One example that comes to mind is some GLS estimator that weights observations differently although that is not necessary when the Gauss-Markov assumptions are met (which the statistician may not know to be the case and hence apply still apply GLS).
Consider the case of a regression of $y_i$, $i=1,\ldots,n$ on a constant for illustration (readily generalizes to general GLS estimators). Here, $\{y_i\}$ is assumed to be a random sample from a population with mean $\mu$ and variance $\sigma^2$.
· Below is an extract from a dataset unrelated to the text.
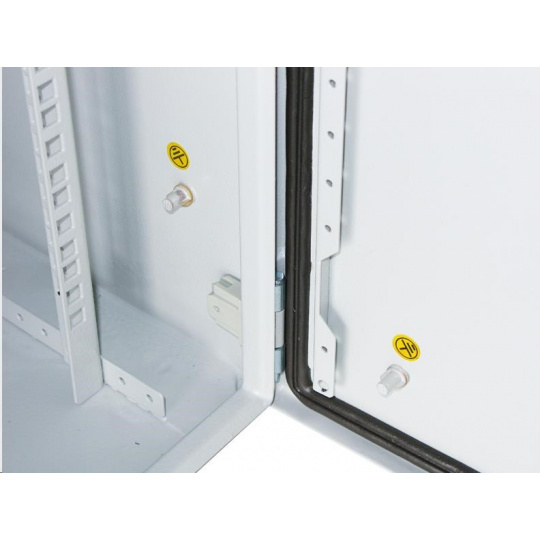 Vonkajší nástenný rozvádzač vyrobený z válcované ocele o hrúbke 1,5 mm. Trojvrstvová povrchová úprava. Ukončenie: dvere - plné, otvárateľné o 110°, 3-bodový zámok, zameniteľný smer otvárania, tesnenie z penového polyuretánu zádny kryt - plný bočný kryt - plný horný kryt - plný

Then, we know that OLS is just $\hat\beta=\bar y$, the sample mean. To emphasize the point that each observation is weighted with weight $1/n$, write this as
$$
\hat\beta=\sum_{i=1}^n\frac{1}{n}y_i.
$$
It is well-known that $Var(\hat\beta)=\sigma^2/n$.
Now, consider another estimator which can be written as
$$
\tilde\beta=\sum_{i=1}^nw_iy_i,
$$
where the weights are such that $\sum_iw_i=1$. This ensures that the estimator is unbiased, as
$$
E\left(\sum_{i=1}^nw_iy_i\right)=\sum_{i=1}^nw_iE(y_i)=\sum_{i=1}^nw_i\mu=\mu.
$$
Its variance will exceed that of OLS unless $w_i=1/n$ for all $i$ (in which case it will of course reduce to OLS), which can for instance be shown via a Lagrangian:
\begin{align*}
L&=V(\tilde\beta)-\lambda\left(\sum_iw_i-1\right)\\
&=\sum_iw_i^2\sigma^2-\lambda\left(\sum_iw_i-1\right),
\end{align*}
with partial derivatives w.r.t. $w_i$ set to zero being equal to $2\sigma^2w_i-\lambda=0$ for all $i$, and $\partial L/\partial\lambda=0$ equaling $\sum_iw_i-1=0$. Solving the first set of derivatives for $\lambda$ and equating them yields $w_i=w_j$, which implies $w_i=1/n$ minimizes the variance, by the requirement that the weights sum to one.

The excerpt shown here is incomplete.